Procrastinate Better

Possum, Anyone?

Most July 4 menus are meant to be quintessentially American: hot dogs, potato salad, maybe a flag cake if you’re lucky.   But a new book, Andrew Beahrs’ Twain’s Feast , sets out to rediscover the foods that Mark Twain, writing with a homesick palate from Europe in 1879, listed as the ones he’d scarf down the minute his steamer docked in the States. More than 80 items long, his menu includes things like Illinois prarie-hens, blue points on the half-shell, sliced tomatoes with sugar or vinegar, hot hoe cake (Southern-style), even possum and raccoon.
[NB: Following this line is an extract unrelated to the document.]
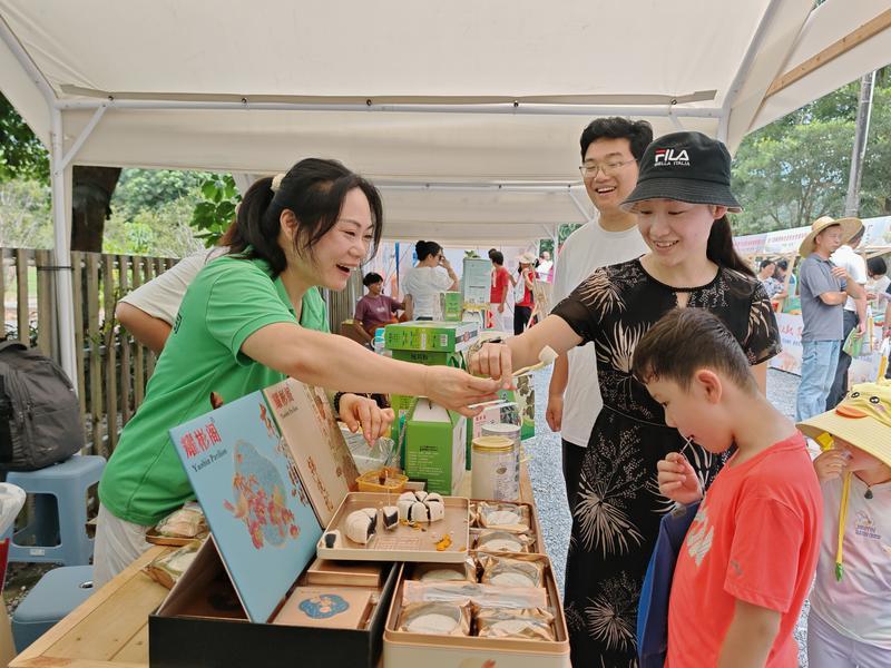 現(xiàn)場(chǎng)農(nóng)特產(chǎn)品市集更是人氣爆棚。來(lái)自各縣區(qū)近50家企業(yè)的“土寶貝”在此集結(jié),形成一條“可品可購(gòu)可互動(dòng)”的豐收長(zhǎng)廊——龍門(mén)蜂蜜晶瑩剔透,惠城山茶油芳香四溢,惠陽(yáng)荔枝酒酒香醇厚,惠東巖茶沁人心脾,博羅涼果酸甜開(kāi)胃,仲愷百香果清甜多汁,每一款產(chǎn)品都承載著惠州的鄉(xiāng)土風(fēng)味。展位前,農(nóng)戶與企業(yè)負(fù)責(zé)人忙碌的身影格外耀眼,鮮活的助農(nóng)故事在市集間流轉(zhuǎn)。

Many of Twain’s dishes contain regional specifications—San Francisco mussels, Virginia bacon, Philadelphia terrapin soup—so Beahrs crisscrosses the country to track them down, weaving into the travelogue notes on American dietary history. Twain is framed as a sort of patron saint of locavores, and Beahrs’ Berkeley-boho veneration of the locally sourced, down-home lifestyle can occasionally become a tad cloying. But he’s mostly saved by wit and observational power, those most Twainian of traits. Besides, even the man himself wasn’t always a virtuous rustic—at one dinner, Beahrs regretfully reports, Twain supped on “creamed asparagus, creamed sweetbreads … the tomatoes molded into jelly, with mayonnaise on the side (afterward came ice cream sculpted into flowers).” So if raccoons are unavailable, raise a scoop of vanilla in Twain’s honor this weekend.